QUINCY — An Adams County Judge under fire for comments he made during a sexual assault case is no longer presiding over a criminal court docket.
An administrative order filed Thursday by Judge Frank McCartney, chief judge of the Eighth Judicial Circuit, assigned Judge Robert Adrian to small claims, legal matters and probate dockets, as well as other civil cases as assigned effective immediately.
After originally finding 18-year-old Drew S. Clinton guilty on one count of criminal sexual assault after a three-day bench trial in October, he threw out the conviction Jan. 3, when Clinton appeared for sentencing.
Clinton faced a minimum of four years in the Illinois Department of Corrections. He had already served 148 days in the Adams County Jail, which Adrian said was a just sentence, according to the court transcript.
After the ruling was announced in court, Adrian said he couldn’t believe adults who were at the party took their responsibilities so lightly.
“This is what’s happened when parents do not exercise their parental responsibilities, when we have people, adults, having parties for teenagers, and they allow coeds and female people to swim in their underwear in their swimming pool,” Adrian said, according to the transcript. “And, no, underwear is not the same as swimming suits. It’s just – they allow 16-year-old to bring liquor to a party. They provide liquor to underage people, and you wonder how these things happen.
“Well, that’s how these things happen. The Court is totally disgusted with that whole thing.”
The 16-year-old told the Quincy Police Department that she attended a graduation party where she drank alcohol and swam in a pool before she was taken to another house where she fell asleep.
She told police that she woke up with a pillow being pushed on her face and that she was being assaulted by Clinton. She said she told him to stop but he didn’t until she told him a second time and pushed him off her.
The police report said she went into a bedroom in the house where she told a friend what happened. She got a ride back to her home with two friends where they slept in her parents’ camper before they went into the house in the morning and told her father, who called the police.
Adrian’s order overturning the conviction and comments have been condemned by the teenage girl and her family, as well as Quanada and the Illinois Coalition Against Sexual Assault.
On Wednesday, Adrian kicked Josh Jones, lead trial attorney for the Adams County state’s attorney’s office, out of his courtroom after Jones liked a Facebook post from Quanada that Adrian said attacked him.

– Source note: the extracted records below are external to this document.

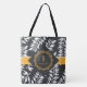 Cabana Theme in Charcoal and White with Yellow Tote Bag
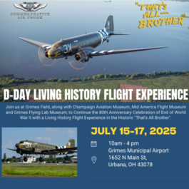 July 15-17, 2025 Join us at Grimes Field, along with Champaign Aviation Museum, Mid America Flight Museum and Grimes Flying Lab Museum, to Continue the 80th Anniversary Celebration of End of World War Il with a Living History Flight Experience in the Historic "That's All Brother".
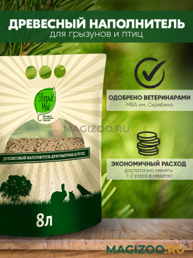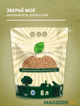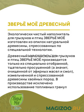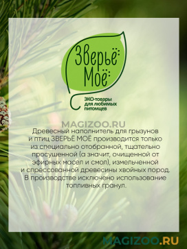 Экологически чистый наполнитель для грызунов и птиц ЗВЕРЬЁ МОЁ изготовлен из опилок натуральной древесины, спрессованных по специальной технологии.

Adrian’s criminal court docket was assigned to Judge Scott Larson until further notice. Larson also was assigned to hear emergency orders of protection on Tuesdays.
McCartney also ordered several cases Adrian was presiding over be transferred to different judges in the circuit. If a case moves to jury trial, McCartney ordered that all judges other than Adrian are assigned to hear the case as it appears on the jury calendar.
Jones is one of the attorneys prosecuting these cases.
Also, as part of the docket shuffle, Judge Tad Brenner was assigned to Judge Holly Henze’s conflict family docket until further order.